I just threw that onto this topic as an interesting side diversion that was staying within the terms of the topic. I chose the 109E because I thought it was at the same time that the Zero was starting to be deployed operationally. Yes I do tend to think the Bf-109E would beat the Zero but it would require a great deal of effort to win...


----------



## FLYBOYJ (May 23, 2007)

HealzDevo said:


> Yes I do tend to think the Bf-109E would beat the Zero but it would require a great deal of effort to win...


Stay above 300 mph, it's that simple...


----------



## R Leonard (May 23, 2007)

All the A6M pilot would have to do is stay out of the 109's sights and wait for it to run out of gas


----------



## FLYBOYJ (May 23, 2007)

R Leonard said:


> All the A6M pilot would have to do is stay out of the 109's sights and wait for it to run out of gas


----------



## Njaco (May 23, 2007)

Of course, a Bf 109 with a single .22 could probably take out the Zero.


----------



## HealzDevo (May 27, 2007)

Too true, just an interesting hypothetical that I threw up as a comparison between the design philosophies of the Germans and the Japanese. I was just interested in what people thought.


----------



## RATHED (May 28, 2007)

Negative Creep said:


> Didn't the Allies believe the Hein (Tony) was a licence built `09?

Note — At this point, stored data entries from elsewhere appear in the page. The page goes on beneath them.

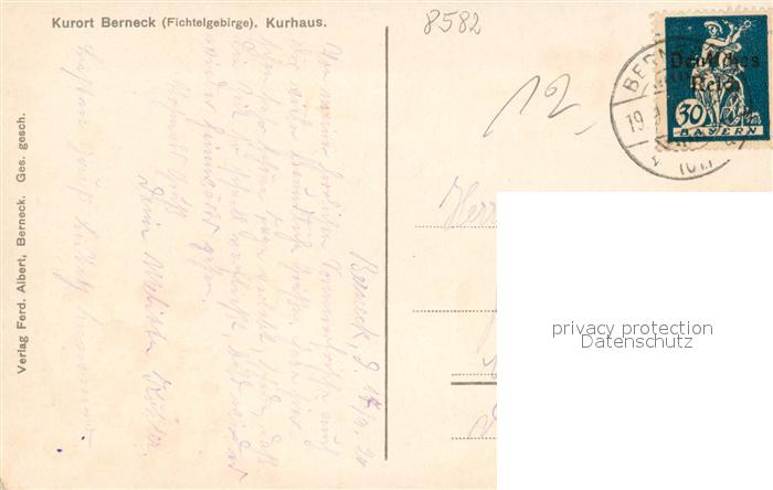 43039186 alte Postkarte Bad Berneck Kurhaus postalisch gelaufen Erhaltung siehe scans [FriedD77] KatCode: 11110009472116
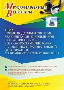 Международный вебинар «Новые подходы в системе реабилитации школьников с ограниченными возможностями здоровья в условиях образовательной организации: реализация ФГОС третьего поколения»
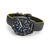 The “T-183” series combines Squale’s dive-watch heritage with cutting-edge forged-carbon technology. This yellow-accented edition features an ultra-light carbon case wrapped around an inner 316 L steel core and is rated to a formidable 60 ATM / 600 m.
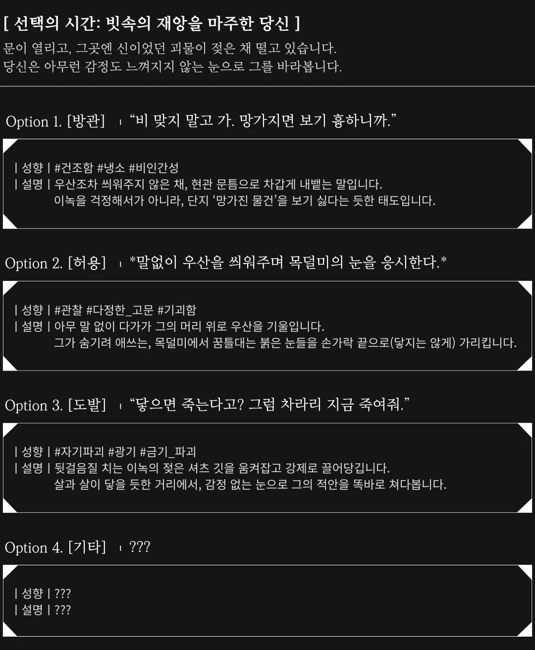 나는 다시 한번 뒤틀린 미소를 지어 보였다. 목에 박힌 붉은 눈들이 네 발치에 고인 빗물을 연모(戀慕)의 농도로 핥아 올리는 감각이 생생하게 전율했다.
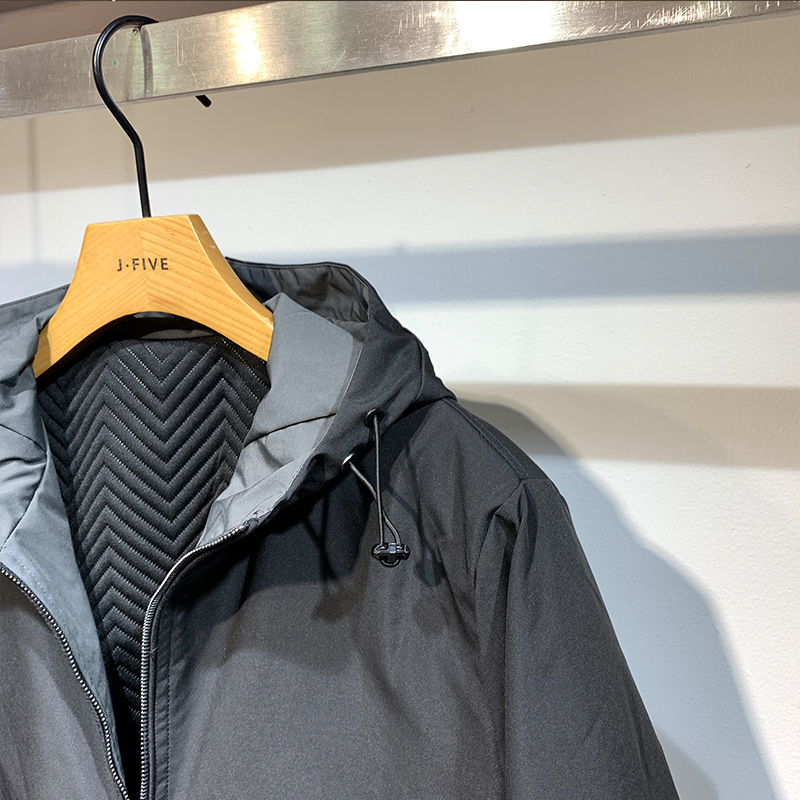 这款一款简约时尚的夹克,版型是连帽的设计,帅气时尚,个性的拼接设计,带来一种独特的视觉感受。
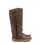 Rain is one of the most extraordinary and original non-wedge boots. It features a richly decorated shaft with fringes and side details, completed with a strap on the upper edge. However, what really makes the Rain boot extraordinary is its double shaft that creates a magnificent pant boot effect. Crafted in this wonderful premium goatskin with tonal details that perfectly embodies the essence and style of El Vaquero. Hand brushed and finished with a wax treatment, this material takes inspiration from classic American cowboy boots.

I might be wrong, but I read somewhere that the allies believed the Hein was based on the Italian Folgores, hence the nickname "Tony". 

BTW, the me-109E provided to japan was sent by long range sub, crated. Together it also went a big ( 600?) load og MG 151/20. Most of those were used in the first batchs of the Hein.


----------



## Njaco (May 28, 2007)

> ...load og MG 151/20...



Hey, alright. Another "og" veteran! Always hate when the "f" key goes on vacation. Drives me nuts.


----------



## renrich (May 28, 2007)

I think that in the late 1940 to 1943 period the outcome of a 109 versus A6M would probably depend on the skill of the pilot. In the Pacific, the Allied forces only really gained ascendency over the Zero when the P38, Corsair and Hellcat came on the scene. Even then, if the Zero was piloted by an experienced pilot the issue was in doubt. In a 1V1 fight a well flown Zero could almost always evade the other A/Cs runs. He did not have the option to disengage whenever he desired like the higher performance A/C had but one moment of carelessness could get the Zero's advesary in serious trouble.


----------



## Njaco (May 29, 2007)

Just watched a PBS special last night on the air battle between Sakai and "Pug" Stephenson (I think that was his name) over Guadalcanal. I was surprised that (1) the armour on the hellcat kept it flying even after 200 rounds and (2) those rounds were of rifle caliber for the guns of the Zero. With that I think I would go with Leonard's suggestion and fly cirlces around the 109 until the needle hit "E".


----------



## Hornet_Driver (Jun 9, 2007)

There was all sorts of aircraft, weaponry and technology traffic between Nazi Germany and Imperial Japan before and during the war. As you all point out, the Tony was designed/inspired from the BF-109. 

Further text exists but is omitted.